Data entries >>
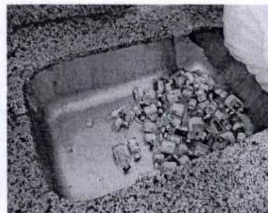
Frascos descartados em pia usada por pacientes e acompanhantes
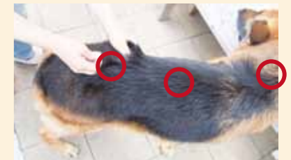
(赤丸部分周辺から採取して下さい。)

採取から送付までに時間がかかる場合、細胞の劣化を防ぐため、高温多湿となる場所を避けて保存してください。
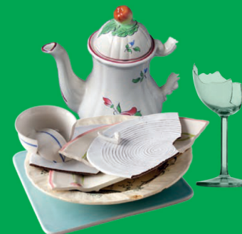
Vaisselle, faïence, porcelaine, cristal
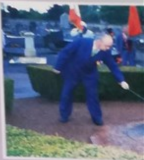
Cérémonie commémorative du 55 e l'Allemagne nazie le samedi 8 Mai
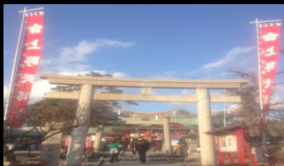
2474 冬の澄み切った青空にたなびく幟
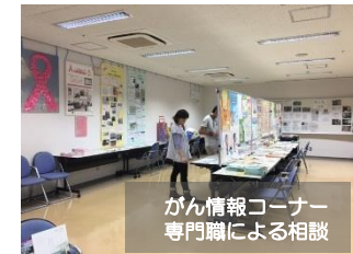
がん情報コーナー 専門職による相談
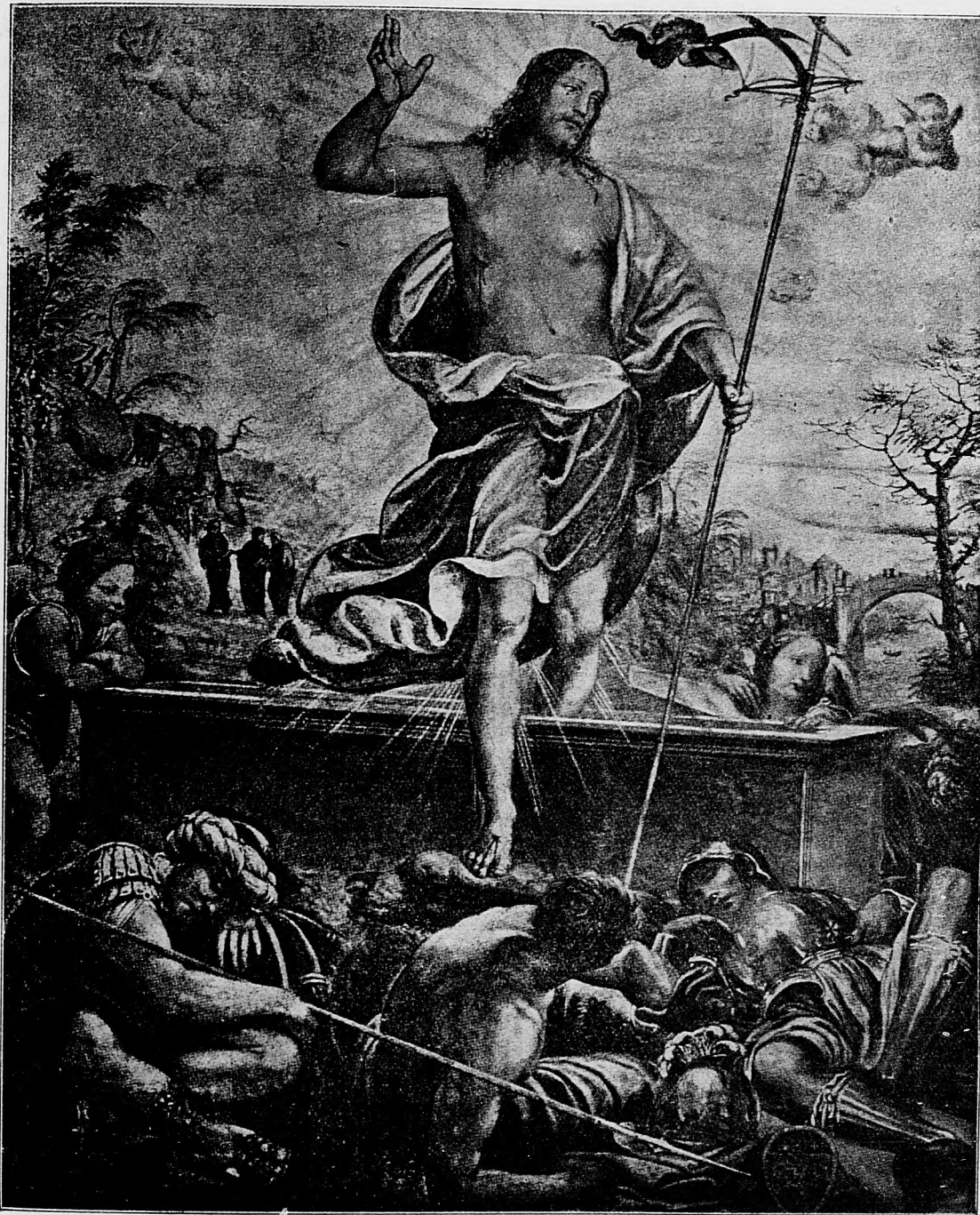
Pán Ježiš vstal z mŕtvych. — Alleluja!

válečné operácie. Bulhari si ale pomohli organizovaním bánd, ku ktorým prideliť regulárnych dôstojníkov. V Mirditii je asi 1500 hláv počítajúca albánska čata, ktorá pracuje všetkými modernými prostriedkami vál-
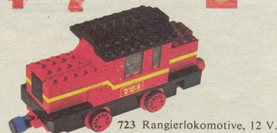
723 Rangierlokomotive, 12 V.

What is being asked >>
The answer must consist of the entries above, reproduced word for word, without any pictures.

Finished exercise >>
Frascos descartados em pia usada por pacientes e acompanhantes
(赤丸部分周辺から採取して下さい。)

採取から送付までに時間がかかる場合、細胞の劣化を防ぐため、高温多湿となる場所を避けて保存してください。
Vaisselle, faïence, porcelaine, cristal
Cérémonie commémorative du 55 e l'Allemagne nazie le samedi 8 Mai
2474 冬の澄み切った青空にたなびく幟
がん情報コーナー 専門職による相談
Pán Ježiš vstal z mŕtvych. — Alleluja!

válečné operácie. Bulhari si ale pomohli organizovaním bánd, ku ktorým prideliť regulárnych dôstojníkov. V Mirditii je asi 1500 hláv počítajúca albánska čata, ktorá pracuje všetkými modernými prostriedkami vál-
723 Rangierlokomotive, 12 V.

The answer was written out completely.